We chose “Facelift” for its searing and hilarious character portraits, its frank and honest look at a potentially touchy subject (i.e., plastic surgery), and its poignant, bittersweet reflections of a major life milestone: turning the big 40.

“Violets Are a Girl’s Best Friend,” Jill Swenson

Jill Swenson’s columns include do-it-yourself recipes for things you can make with on-hand materials, odds and ends found around the house, yard, and woods. This was the first column she posted for us in the spring, a lovely reminisce about the celestial and intimate feminine joy of making and savoring violet jelly.

“September Reds, Whites, and Blues,” Danielle Winterton

Winterton’s September entry of her literary garden column explores the significance of the geranium by way of the Flannery O’Connor story of the same name. The story’s protagonist, Dudley, a classic if not anomalous O’Connor character, is a racist from the South who has been forced to move to the diverse urban community of New York City, where only a potted plant connects him with the world he once knew.

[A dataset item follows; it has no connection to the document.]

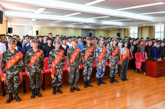 隆阳区武装部政委王峰祝贺战友从军归来、返校学习,为同学们的成长和升华感到骄傲;对学校贯彻落实让军人成为全社会尊崇职业的指导精神和武装有关工作表示敬意,让退役的战友感受到了家的温暖和关怀;向所有同学发出邀请到军营这个大家庭中书写青春华章。黄鹤平首先代表学校,对隆阳区人民武装部长期对学校武装工作的关心指导和支持表示衷心的感谢,对12名退役复学的同学能积极响应国家号召,献身国防的使命感和担当精神致以崇高敬意和热烈欢迎。希望同学们能时刻牢记军人的身份,始终按照军人的标准严格要求自己,自律、自强、积极进取,把部队的优良传统和过硬作风带到宿舍、班级、学校,成为同学当中关心国防、热爱国防、献身国防,争当新时代优秀的大学生的排头兵和模范榜样;希望退役复学同学坚定理想信念、厚植爱国报国情怀、努力学习增长本领、在加强品德修养上下功夫,谋求新的进步和提高!学校武装部及相关部门,要大力宣传国家的兵役制度和优抚、保障政策,让学生清楚退役复学、转专业、免试入读本科、就业保障等政策,切实把退役复学同学的权益维护好。

“Invisible Cities,” Wylie Schwartz

The logic of urban spatial organization, utopian ideas, and the desert are recurring themes for artist Michael Ashkin. Schwartz’s highly refined review of Ashkin’s first solo show at Cornell, which used sculpture, photography, video and poetry, explores his use of “the post-industrial landscape as a site for utopian promise.”

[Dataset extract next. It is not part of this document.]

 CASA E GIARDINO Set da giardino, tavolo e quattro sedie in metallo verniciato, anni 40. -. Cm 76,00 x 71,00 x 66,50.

“Ballots, Bullets, and Baraka,” Luke Z. Fenchel

Fenchel brings his unique combination of enthusiasm and vivacious language to aid him in the daunting task of summarizing the life’s work of Amiri Baraka, arguably the most influential political poet and performance artist of his generation, in anticipation of his visit to Cornell last spring.

“Start Where You Are,” Danielle Winterton

The caustic insight of bell hooks’ remarks at Ithaca College this October confirmed that she is still a highly relevant intellectual force. Winterton uses hooks’ critique of blindly optimistic portrayals of interracial sisterhoods (as seen in contemporary popular literature written by women) to examine the dangerous current trend toward revisionist history: white women re-telling black women’s stories on their behalf.

“Wall Street Makeover,” by Anna Fishbeyn

In analyzing Oliver Stone’s recent take on the garden of Gecko, as well as Erica Jong’s Wall Street Journal “Mother Madness” piece, Fishbeyn warns against a gender-segregated world in which men lead in the financial sector, women are imprisoned in the domestic one, and both spheres are sadly lacking in heroes.